• [Exercise instructions]: What you return must be the data below, word for word, without any images.

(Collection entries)
·····

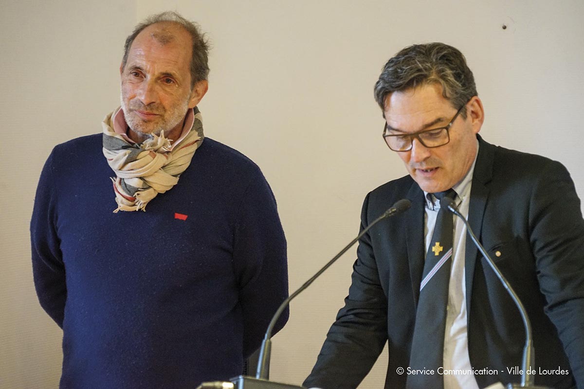 L’œuvre a été réalisée en fer recyclé : « Cet aigle est une force silencieuse forgée dans le fer de récupération. J’ai voulu rendre vivante cette matière humble, parfois blessée ». Jean-Claude est autodidacte. Il a développé sa sensibilité artistique à la suite d’une rencontre avec le Dalaï-Lama : « J’ai pu le rencontrer quand il est venu à Lourdes en 1993, et juste après, je suis parti voyager en Inde et au Népal. Je dormais chez l’habitant, j’ai fait pas mal de rencontres ; au lieu de prendre des photos, je me suis mis à dessiner, et une fois rentré en France j’ai commencé à sculpter et à peindre ». Thierry Lavit, maire de Lourdes, a chaleureusement remercié l’artiste lors de l’inauguration de la statue le 6 mai dernier. Une œuvre dédiée à la paix, c’est toujours un bonheur partagé : merci, Jean-Claude !
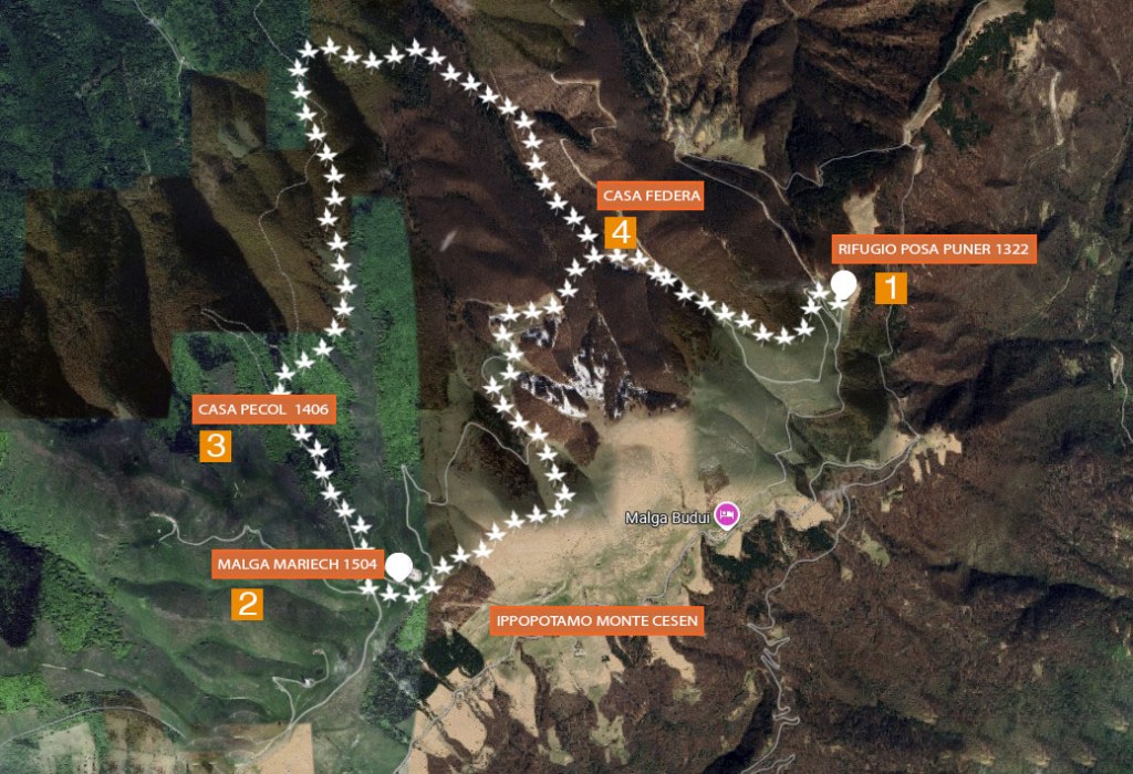 Proseguendo lungo il sentiero, abbiamo “incontrato” diversi laghetti, dove spesso sostano i pascoli, proseguiamo fino a raggiungere dopo circa 1 ora, il famoso Ippopotamo sul Monte Cesen, che ogni giorno ammiriamo dalla nostra casa, soprattutto d’inverno quando il Monte è ricoperto di neve risalta ancora di più. Un’enorme figura formata da abeti e faggi lungo i prati del Cesen. Di natura casuale infatti, sembra ci siano 4 zampe e una grande testa che ricorda quella di un ippopotamo.
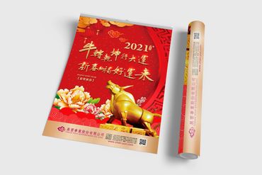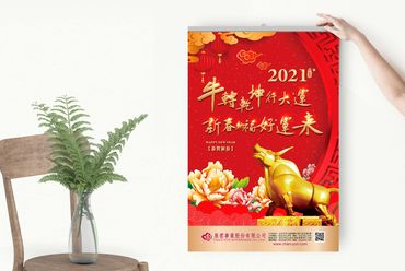 2021年為辛丑牛年,金牛象徵堅韌不拔、奮發向上的精神,寓意企業與客戶在新的一年持續成長、穩健發展。標語「牛轉乾坤行大運,新春邁向好運來」以金色搭配動感排版,不僅增強視覺吸引力,更強調新年轉運與繁榮的寓意。綻放的牡丹花象徵富貴吉祥,增添節慶氛圍。
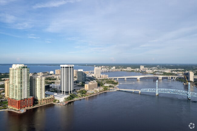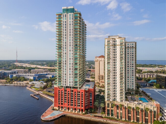 The Peninsula at St. Johns Center is a striking 37-story high-rise condominium located on the Southbank of the St. Johns River in Jacksonville, Florida. Designed with modern elegance, this building was completed in 2008 and houses 241 luxurious units. Its prominent red lower section and glass and balcony facade make it a standout structure along the waterfront, offering residents unparalleled views of the river and downtown Jacksonville. The Peninsula combines sophisticated living with a prime location, making it a coveted address in the city.
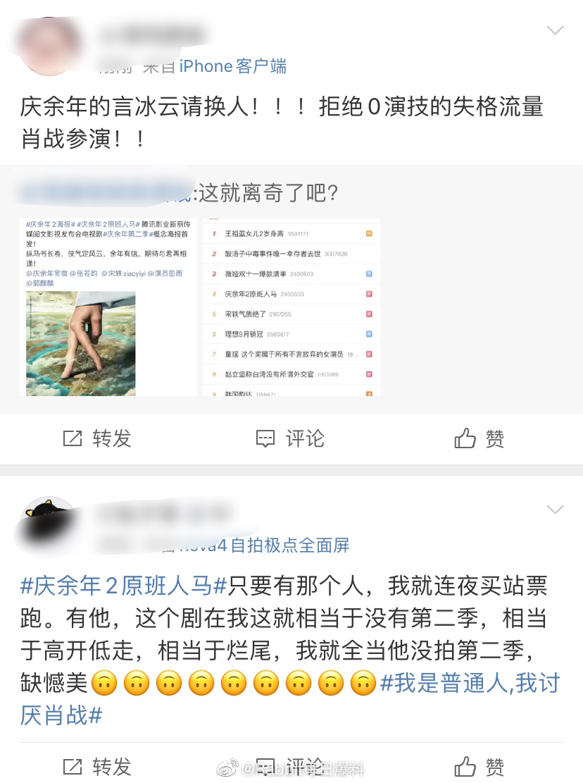 Đối với những bộ phim có phần 2, khán giả đều mong muốn toàn bộ diễn viên vẫn sẽ tiếp tục góp mặt, tuy nhiên Khánh dư niên có lẽ là một trường hợp ngoại lệ hiếm hoi. Sau khi dự án Khánh dư niên 2 chính thức khởi động, có rất nhiều netizen đều yêu cầu nhà sản xuất đổi Tiêu Chiến thành một diễn viên khác, thậm chí còn cho biết nếu nam diễn viên Trần tình lệnh vẫn xuất hiện thì họ sẽ không xem phim.
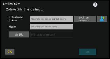 Když administrátor přístroje zaktivoval ověření uživatele,
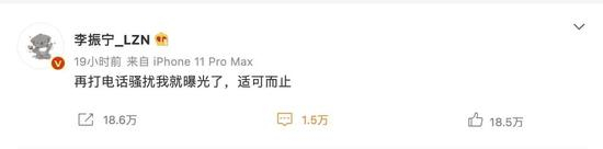 除了张雨绮外,6月14日,李振宁在微博发文称自己被电话骚扰,让对方适可而止。数据显示,两则相关话题阅读量高达5亿。
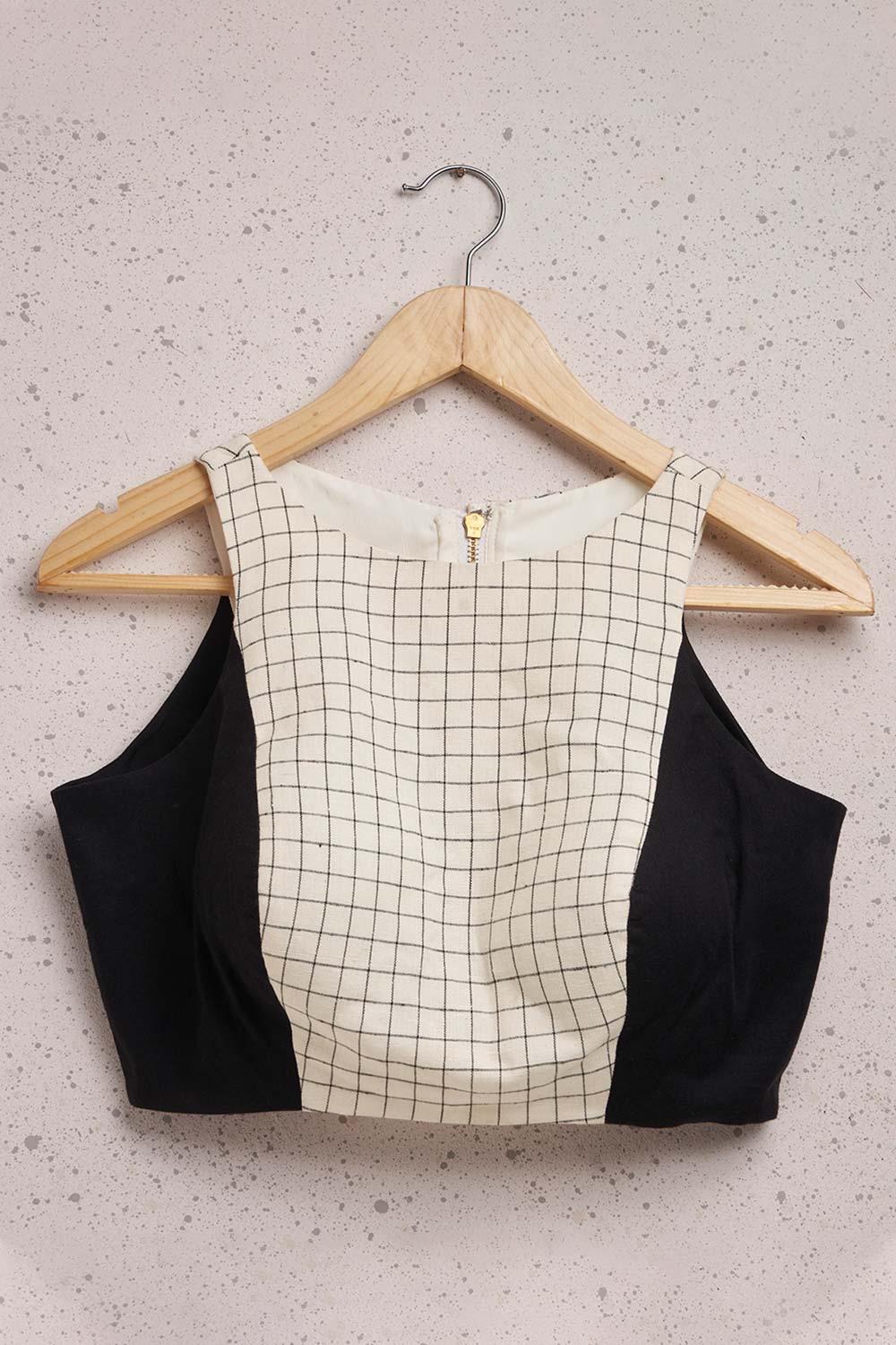 This chic black and white blouse features a front yoke with check detailing in white. Its boat neck adds a touch of elegance. Pair it with high-waisted jeans or team with a black pencil skirt for a polished look.
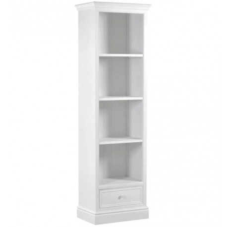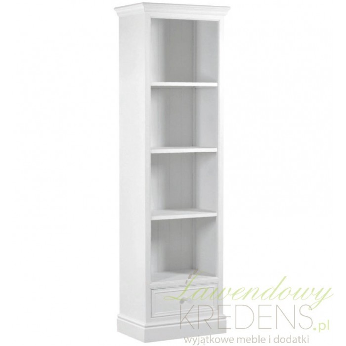 Biblioteczka prowansalska dzięki białemu kolorowi perfekcyjnie podkreśli naturalny wygląd wnętrza. Wąska biblioteczka to świetny mebel do wykorzystania w salonie lub w gabinecie. Regał w stylu prowansalskim to solidan konstrukcja wyposażona w trzy półki. Meble prowansalskie to meble praktyczne i naturalnie piękne.
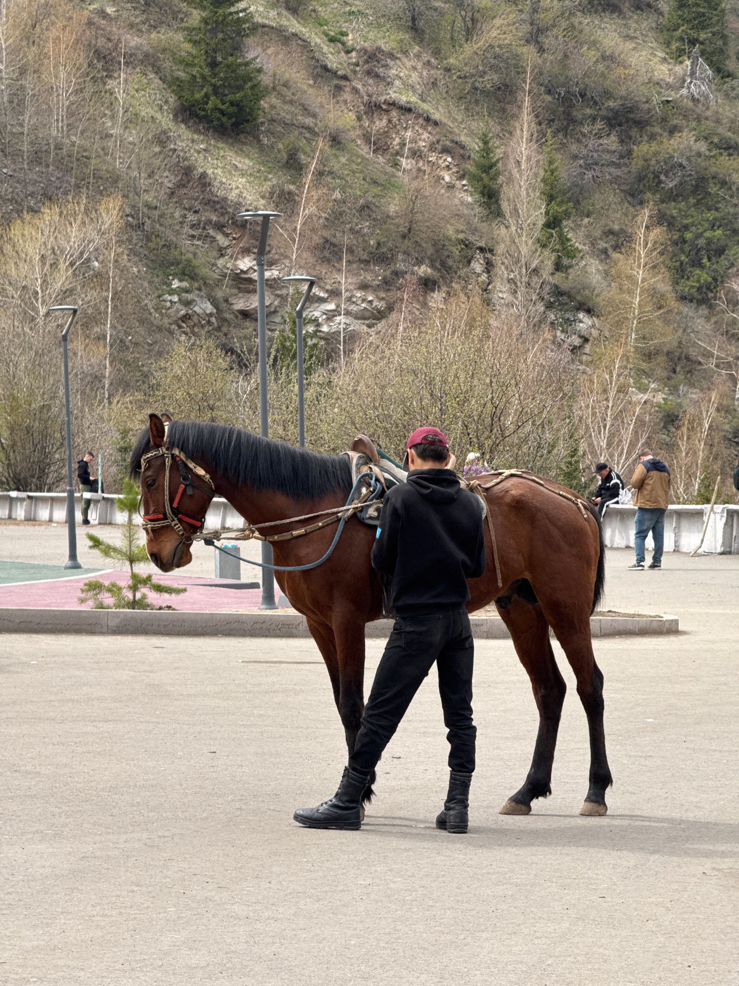 This media file captures a scene featuring a person and a horse on a paved surface, set against a backdrop of a wooded hillside. In the foreground, a brown horse, equipped with a saddle and an ornate…read more

·····

• [Answer to this problem]:
 L’œuvre a été réalisée en fer recyclé : « Cet aigle est une force silencieuse forgée dans le fer de récupération. J’ai voulu rendre vivante cette matière humble, parfois blessée ». Jean-Claude est autodidacte. Il a développé sa sensibilité artistique à la suite d’une rencontre avec le Dalaï-Lama : « J’ai pu le rencontrer quand il est venu à Lourdes en 1993, et juste après, je suis parti voyager en Inde et au Népal. Je dormais chez l’habitant, j’ai fait pas mal de rencontres ; au lieu de prendre des photos, je me suis mis à dessiner, et une fois rentré en France j’ai commencé à sculpter et à peindre ». Thierry Lavit, maire de Lourdes, a chaleureusement remercié l’artiste lors de l’inauguration de la statue le 6 mai dernier. Une œuvre dédiée à la paix, c’est toujours un bonheur partagé : merci, Jean-Claude !
 Proseguendo lungo il sentiero, abbiamo “incontrato” diversi laghetti, dove spesso sostano i pascoli, proseguiamo fino a raggiungere dopo circa 1 ora, il famoso Ippopotamo sul Monte Cesen, che ogni giorno ammiriamo dalla nostra casa, soprattutto d’inverno quando il Monte è ricoperto di neve risalta ancora di più. Un’enorme figura formata da abeti e faggi lungo i prati del Cesen. Di natura casuale infatti, sembra ci siano 4 zampe e una grande testa che ricorda quella di un ippopotamo.
 2021年為辛丑牛年,金牛象徵堅韌不拔、奮發向上的精神,寓意企業與客戶在新的一年持續成長、穩健發展。標語「牛轉乾坤行大運,新春邁向好運來」以金色搭配動感排版,不僅增強視覺吸引力,更強調新年轉運與繁榮的寓意。綻放的牡丹花象徵富貴吉祥,增添節慶氛圍。
 The Peninsula at St. Johns Center is a striking 37-story high-rise condominium located on the Southbank of the St. Johns River in Jacksonville, Florida. Designed with modern elegance, this building was completed in 2008 and houses 241 luxurious units. Its prominent red lower section and glass and balcony facade make it a standout structure along the waterfront, offering residents unparalleled views of the river and downtown Jacksonville. The Peninsula combines sophisticated living with a prime location, making it a coveted address in the city.
 Đối với những bộ phim có phần 2, khán giả đều mong muốn toàn bộ diễn viên vẫn sẽ tiếp tục góp mặt, tuy nhiên Khánh dư niên có lẽ là một trường hợp ngoại lệ hiếm hoi. Sau khi dự án Khánh dư niên 2 chính thức khởi động, có rất nhiều netizen đều yêu cầu nhà sản xuất đổi Tiêu Chiến thành một diễn viên khác, thậm chí còn cho biết nếu nam diễn viên Trần tình lệnh vẫn xuất hiện thì họ sẽ không xem phim.
 Když administrátor přístroje zaktivoval ověření uživatele,
 除了张雨绮外,6月14日,李振宁在微博发文称自己被电话骚扰,让对方适可而止。数据显示,两则相关话题阅读量高达5亿。
 This chic black and white blouse features a front yoke with check detailing in white. Its boat neck adds a touch of elegance. Pair it with high-waisted jeans or team with a black pencil skirt for a polished look.
 Biblioteczka prowansalska dzięki białemu kolorowi perfekcyjnie podkreśli naturalny wygląd wnętrza. Wąska biblioteczka to świetny mebel do wykorzystania w salonie lub w gabinecie. Regał w stylu prowansalskim to solidan konstrukcja wyposażona w trzy półki. Meble prowansalskie to meble praktyczne i naturalnie piękne.
 This media file captures a scene featuring a person and a horse on a paved surface, set against a backdrop of a wooded hillside. In the foreground, a brown horse, equipped with a saddle and an ornate…read more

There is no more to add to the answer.